I received this book for free from Publisher in exchange for an honest review. Thank you!! This does not affect my opinion of the book or the content of my review.The Resurrectionist: The Lost Work of Dr. Spencer Black by E.B. Hudspeth
Published by Quirk Books on May 21st, 2013
Genres: Adult, Fantasy, Historical Fiction, Horror
Philadelphia, the late 1870s. A city of gas lamps, cobblestone streets, and horse-drawn carriages—and home to the controversial surgeon Dr. Spencer Black. The son of a grave robber, young Dr. Black studies at Philadelphia’s esteemed Academy of Medicine, where he develops an unconventional hypothesis: What if the world’s most celebrated mythological beasts—mermaids, minotaurs, and satyrs—were in fact the evolutionary ancestors of humankind?
The Resurrectionist offers two extraordinary books in one. The first is a fictional biography of Dr. Spencer Black, from a childhood spent exhuming corpses through his medical training, his travels with carnivals, and the mysterious disappearance at the end of his life. The second book is Black’s magnum opus: The Codex Extinct Animalia, a Gray’s Anatomy for mythological beasts—dragons, centaurs, Pegasus, Cerberus—all rendered in meticulously detailed anatomical illustrations. You need only look at these images to realize they are the work of a madman. The Resurrectionist tells his story.
When I was offered The Resurrectionist for review, I’d never heard of it before.
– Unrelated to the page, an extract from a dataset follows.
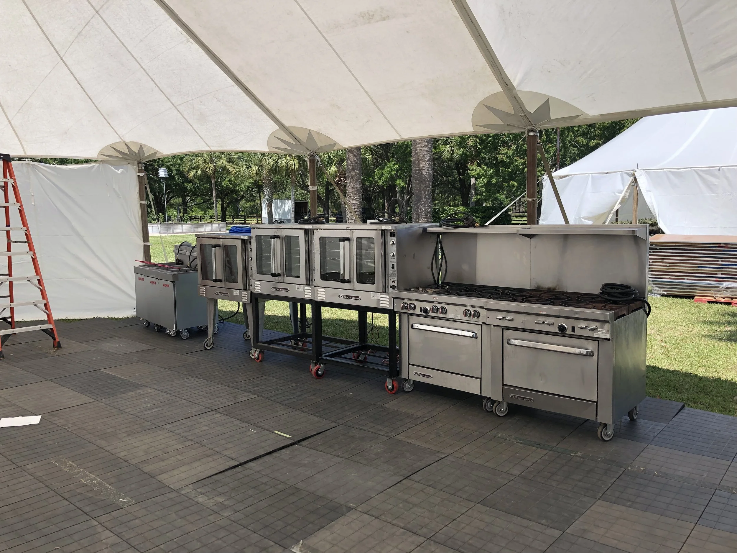 To deliver consistent results across a wide range of event environments, Event Kitchens maintains a large and diverse rental inventory of commercial-grade equipment, including convection ovens, 35 lb fryers, six-burner ranges, electric warming cabinets, griddles, and essential kitchen accessories — all selected to help chefs and crews feel right at home, wherever the event takes place.

However, the concept sounded endlessly intriguing: an anatomist who theorizes that mythical creatures did in fact exist and that human deformities occur because it’s the species trying to get back to its original form. Sounds super cool, right? Add in a ton of beautiful illustrations, and I was sold. Quirk Books even made this awesome book trailer for it that basically made me reply straight away that YES I wanted this book in my life.
How did it pan out? Well, as you can probably tell by my rating, it wasn’t the best. Nor was it terrible though. I really liked seeing this anatomist’s theories and how they slowly drive him into madness. When he’s faced with disbelieving colleagues, he takes matters into his own hands and does some pretty terrifying experiments, not gonna lie. The illustrations of the mythical creatures were absolutely stunning – and in all ways the book is GORGEOUS design-wise.
I also liked how the story was authentic for its setting – the late 1800s. The prevailing scientific opinions, the appeal of circus shows and the macabre attractions there, and the social conventions felt very authentic – for what in essence is written like a biography. I also loved the writing style of Dr. Spencer Black’s letters. His voice really jumped off the page and I loved seeing his thought process.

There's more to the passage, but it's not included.